Она не замечала, как бросился к двери перепуганный Рикард, как вошел кто-то еще… пришла в себя, когда вошедший жестко встряхнул ее за плечи. Рыдающая, воняющая, беспомощная, она не сумела выговорить ни слова, только еще громче расплакалась. Человек крепко обнял ее, прижал к себе. Аш судорожно вцепилась в его одежду.
— Ну-ну, девочка! Отвечай! Что случилось?
— Не…
— Сейчас же! — голос, привычный отдавать приказы. Роберт Ансельм.
— Я в порядке. — Опустошенная, все еще сотрясаясь при каждом вздохе, она оторвалась от него настолько, что смогла сжать его руки в своих. — Ты тут ничем не поможешь.
Дыхание постепенно выравнивалось. Роберт испытующе взглянул на нее. Он был без доспехов, поношенный полукафтан перепоясан на круглом брюхе — как видно, собрался урвать часок сна. Свет очага гротескно играл на его бритой голове и оттопыренных ушах, глаза скрывались в глубокой тени.
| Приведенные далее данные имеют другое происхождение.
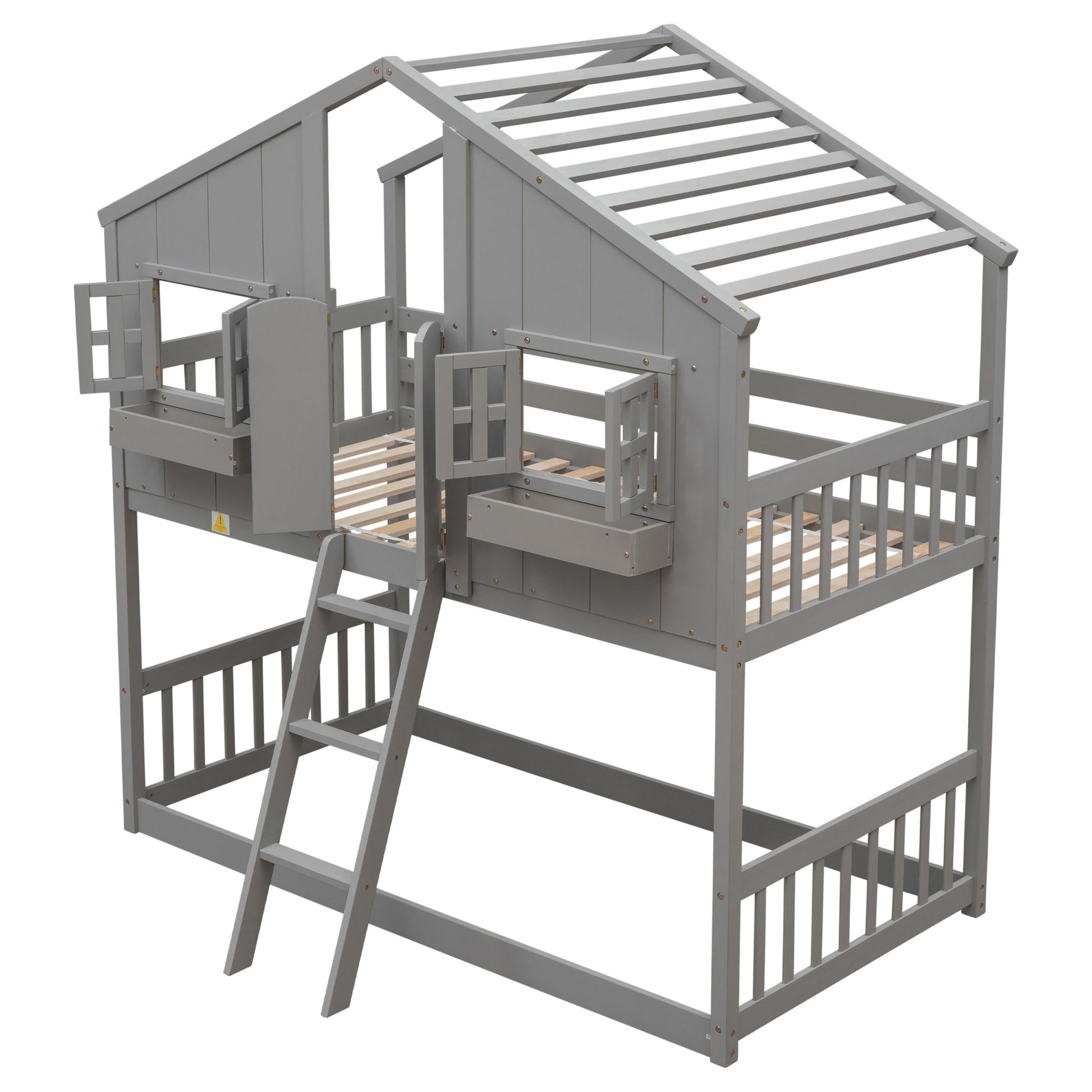 Twin Over Twin House Bunk Bed With Roof, Window, Window Box, Door, With Safety Guardrails And Ladder - Gray

— Что там за Годфри? Что такое с Годфри? — проворчал он.
Она не слышала его. У дальних дверей столпились офицеры отряда — Аш не замечала их, она крепко зажмурилась, осторожно коснулась той части сознания, где с того дня под Молинеллой обитал голос.
— Годфри?
Ничего.
Тихие слезы наполнили глаза и пролились из-под век. Она чувствовала, как горячие ручейки струятся по лицу. В горле стояла боль.
— Двухтысячная армия в осаде в укрепленном городе; атакуют силами трех легионов. Предложения?
— Ничего.
— Ну, вы, ублюдки! Я знаю, что вы здесь. Говорите со мной!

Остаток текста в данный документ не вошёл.